James Baldwin’s classic play “The Amen Corner” is an investigation of poverty, religion and their effects on African American communities. It presents the story of Margaret Alexander, a church pastor in 1950s Harlem.
The African American Theater Arts Troupe (AATAT) is kicking off their twenty-first season with “The Amen Corner” this weekend at UC Santa Cruz’s Mainstage. The play deals with topics of racial prejudice, sexism and many other issues still prevalent in today’s culture, said assistant director and theater arts major Alana Duvernay.
“We watch the struggles that happen in the African American household, as well as the roles that the church plays in African American life,” Duvernay said. “The play deals with things like family and love and culture, and we watch as [the family] develops a complex relationship with these issues.”
The AATAT is a student-run organization that came together in 1991, under the guidance of Don Williams, the director of the Cultural Arts and Diversity Resource Center. According to its website, AATAT “was formed as a vehicle to create unity, higher visibility and understanding of the African American culture.” The organization is open to all students interested in this mission and it does not require any prerequisite knowledge or experience with acting or dramaturgy.
Williams, who is also the artistic director and producer of “The Amen Corner,” said the UCSC campus and community would benefit from seeing a realistic perspective of African American life. Through presenting this play, he hopes audiences will feel inspired to learn more about the spirit of gospel communities.
“Even if it’s not the faith that you believe in, it’s really about the connection, devotion and positivity that surrounds [gospel] communities,” Duvernay said. “[Don] Williams felt that it was perfect for … when we really just need to uplift each other and love each other and really make each other feel a part of the community.”
Williams helps bring a gospel-oriented play to campus every five years or so, attributing his interest in these plays to his experience working with students who have varying religious backgrounds.
Jessica Jones, AATAT president and member of three years, plays the character Sister Moore in “The Amen Corner.” Through creating and participating in a safe space where people feel comfortable, Jones wants everyone in the AATAT community to be themselves.
“I chose to become involved in this show because I wanted to reconvene with my AATAT family for another year and I wanted to continue to foster that sense of community that we’ve been sharing for 21 years now,” Jones said.
AATAT’s unique program has even been the driving force behind some students’ choice to attend UCSC.
“I’ve had a number of students who have chosen this school because it has an African American theater arts show, which is the only one of its kind in the whole UC system,” Williams said.
Members of AATAT also reach out to the broader Santa Cruz community by visiting high schools and afterschool programs to promote community outreach about their organization and to educate people about their many endeavors.

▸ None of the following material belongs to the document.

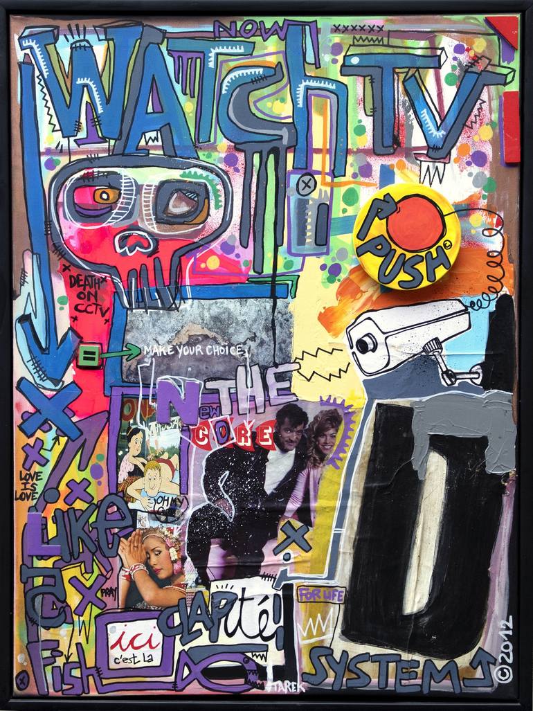 Step into a world where media, pop culture, and urban art collide with Watch TV, a striking piece by Tarek. Blending collage, graffiti, bold slogans, and retro elements, this colorful composition delivers a vibrant and ironic critique of consumer society and the power of imagery. With keywords like ...
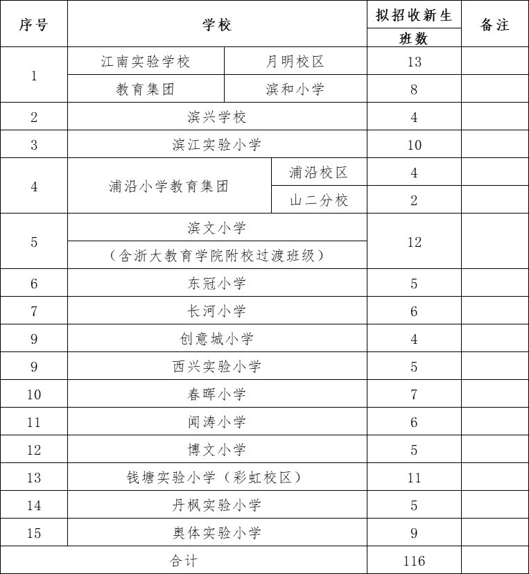 附件:2020年滨江区中小学招生计划

“I hope that students in the future take advantage of these opportunities and really get involved with productions like this,” Duvernay said. “Not only for their education as theater arts students, or students at this university, but also for the education that comes with being a part of this community. It has been a very beneficial process for all of us.”
The Amen Corner will be at UCSC’s Mainstage Feb. 22–24, the Stevenson Event Center March 1–2 and Seaside’s Oldemeyer Center March 9. UCSC students will receive one free ticket with a valid student ID.